[Supplied information]
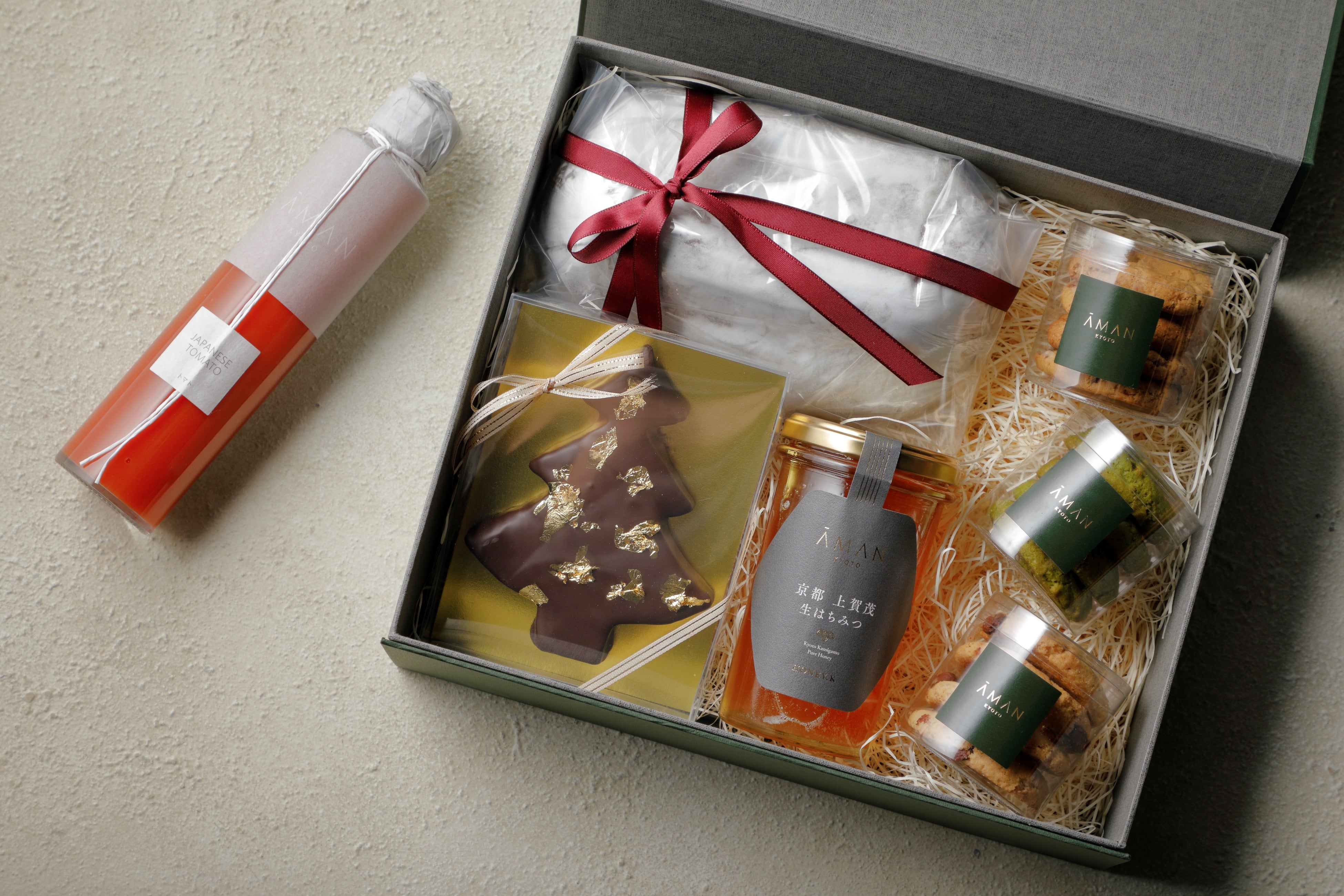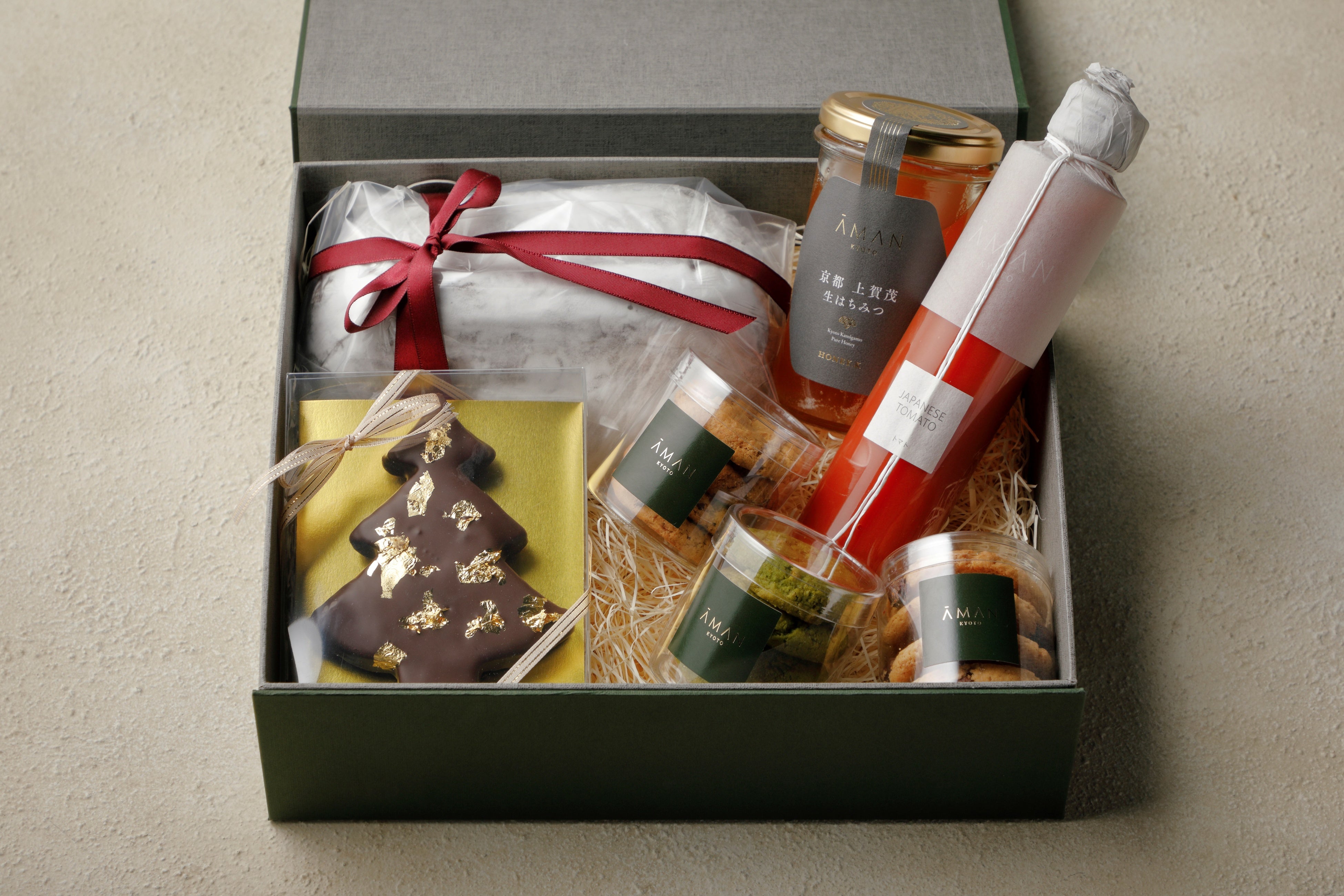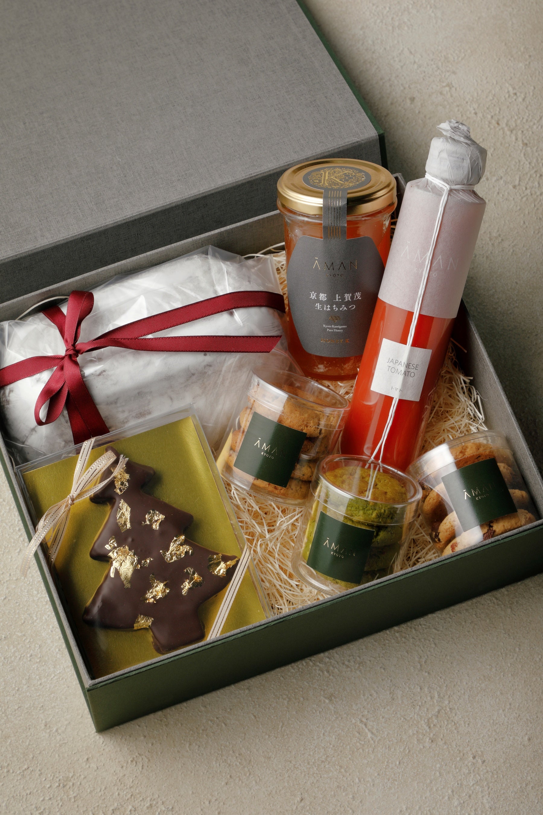 他には、100%プラントベースの素材を使い、京都のエッセンスを合わせた3種のオリジナル「ヴィーガンクッキー」、クリスマス気分を盛り上げてくれる愛らしい「クリマスツリークッキー」、自然豊かな京都・上賀茂の野山や畑でのびのびと育つミツバチにより集められた香り高くコク深い「上賀茂 生はちみつ」、そして「アマン京都オリジナルジュース」をお詰めいたしました。今年一年お世話になった方や、遠方にお住いの大切な方への贈りものにもおすすめです。
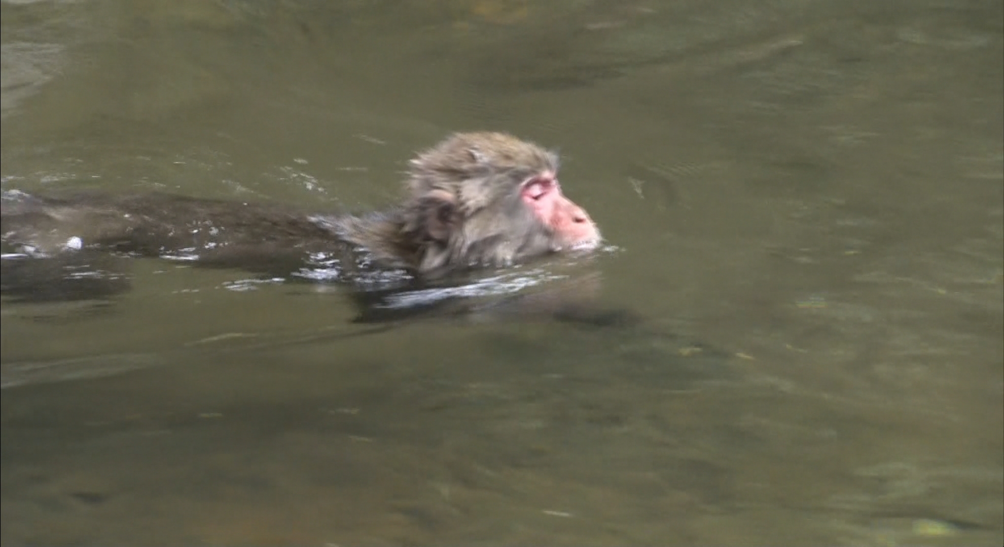水面をスイスイと、「イヌかき」ならぬ、「サルかき」で泳ぐ二ホンザル。
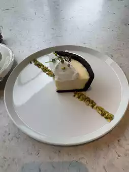Hokkaido baked cheesecake 750 yen A rich and delicious cheesecake! If you eat it with the pistachios on the plate, the pistachios will add an accent and make it even more delicious
[/Supplied information]
■ **About this task**
Restate the data above exactly, stripping out each image.

■ **Reply**
 他には、100%プラントベースの素材を使い、京都のエッセンスを合わせた3種のオリジナル「ヴィーガンクッキー」、クリスマス気分を盛り上げてくれる愛らしい「クリマスツリークッキー」、自然豊かな京都・上賀茂の野山や畑でのびのびと育つミツバチにより集められた香り高くコク深い「上賀茂 生はちみつ」、そして「アマン京都オリジナルジュース」をお詰めいたしました。今年一年お世話になった方や、遠方にお住いの大切な方への贈りものにもおすすめです。
水面をスイスイと、「イヌかき」ならぬ、「サルかき」で泳ぐ二ホンザル。
Hokkaido baked cheesecake 750 yen A rich and delicious cheesecake! If you eat it with the pistachios on the plate, the pistachios will add an accent and make it even more delicious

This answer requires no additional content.